December 4, 2010

‘Outlier’? Desperate Reuters Reporter Works to Minimize Impact of Awful Jobs Report

The unemployment rate jumped to a seasonally adjusted 9.8% in November and only 39,000 seasonally adjusted jobs were added during the month, according to the Employment Situation Report released yesterday by Uncle Sam’s Bureau of Labor Statistics.

Although she at least recognized the report’s negativity, Lucia Mutikani at Reuters seemed bent on downplaying its impact, even finding an “expert” who characterized the BLS’s work as an “outlier” in her Friday evening write-up.
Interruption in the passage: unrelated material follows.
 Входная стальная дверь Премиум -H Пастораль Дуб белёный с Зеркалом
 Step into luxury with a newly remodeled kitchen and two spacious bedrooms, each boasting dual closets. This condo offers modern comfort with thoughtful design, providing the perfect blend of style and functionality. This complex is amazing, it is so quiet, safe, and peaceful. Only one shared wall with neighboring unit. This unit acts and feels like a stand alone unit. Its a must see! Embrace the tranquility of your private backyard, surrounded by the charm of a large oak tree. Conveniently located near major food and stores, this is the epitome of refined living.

Nobody’s claiming the folks at BLS are perfect, but I cannot recall a time when an establishment press wire service reporter has questioned the Employment Situation Report’s underlying validity. Despite its supposed lack of credibility, Ms. Mutikani still used the information provided as an excuse to insert a point about how it should cause Fed chief Ben Bernanke to continue the “money from nothing” enterprise euphemistically referred to as “quantitative easing.”
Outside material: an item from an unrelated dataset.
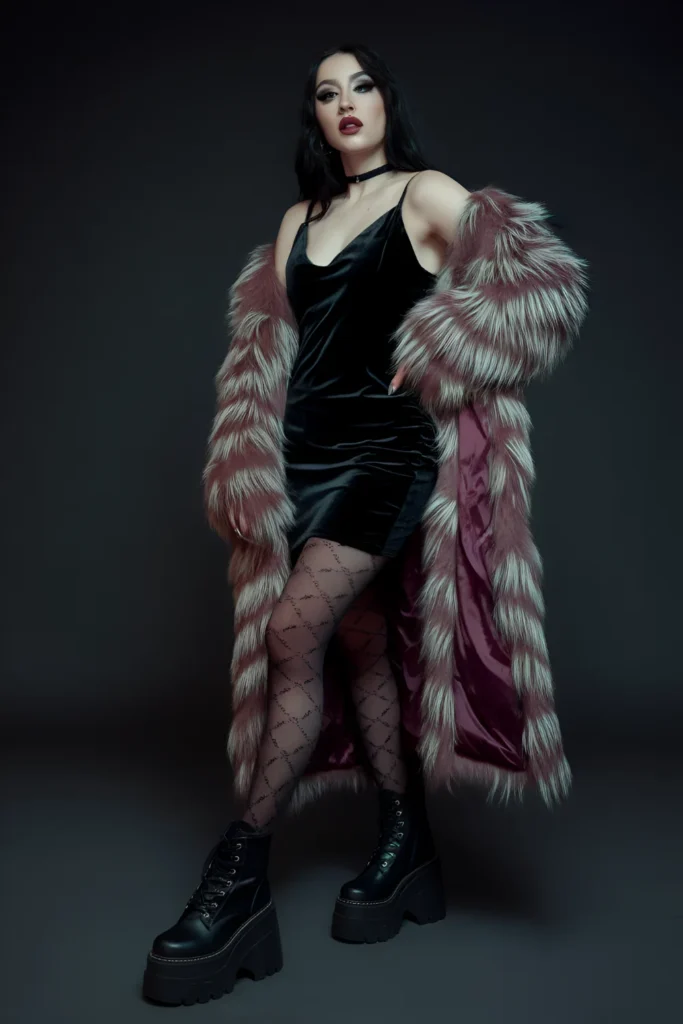 This outfit revolves around a rich velvet dress styled for winter comfort. Thick hosiery and statement boots add insulation and height. A dramatic coat enhances both warmth and elegance. It’s ideal for evening plans or special seasonal gatherings.

Of special note was Ms. Mutikani’s bizarre contention that the seasonal adjustment calculations might be flawed. Unfortunately for her, comparisons of actual results on the ground (i.e., the not seasonally adjusted numbers) to the seasonally adjusted numbers that resulted were consistent with November 2004, the last comparable year. This has not always been the case in the volatile economy of the past 2-1/2 years.

Here are the first eight paragraphs from Ms. Mutikani’s morose musings (bolds and number tags are mine):

U.S. employment barely grew in November and the jobless rate unexpectedly hit a seven-month high, hardening views the Federal Reserve would stick to its $600 billion plan to shore up the anemic recovery. [1]
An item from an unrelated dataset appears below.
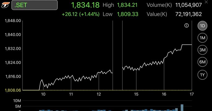 หุ้นไทยบวกแรงเกือบ 20 จุด ยืนเหนือ 1,800 จุด ตามตลาดต่างประเทศ

Nonfarm payrolls rose 39,000, with private hiring gaining only 50,000, just a third of what economists had expected, a Labor Department report showed on Friday. The unemployment rate jumped to 9.8 percent from 9.6 percent in October.

The weak report was a surprise given the relative strength of some other recent economic signals, [2] including robust retail sales. Economists had expected 140,000 new jobs and a steady unemployment rate.

While the data raised a warning flag, many analysts cautioned against reading too much into it.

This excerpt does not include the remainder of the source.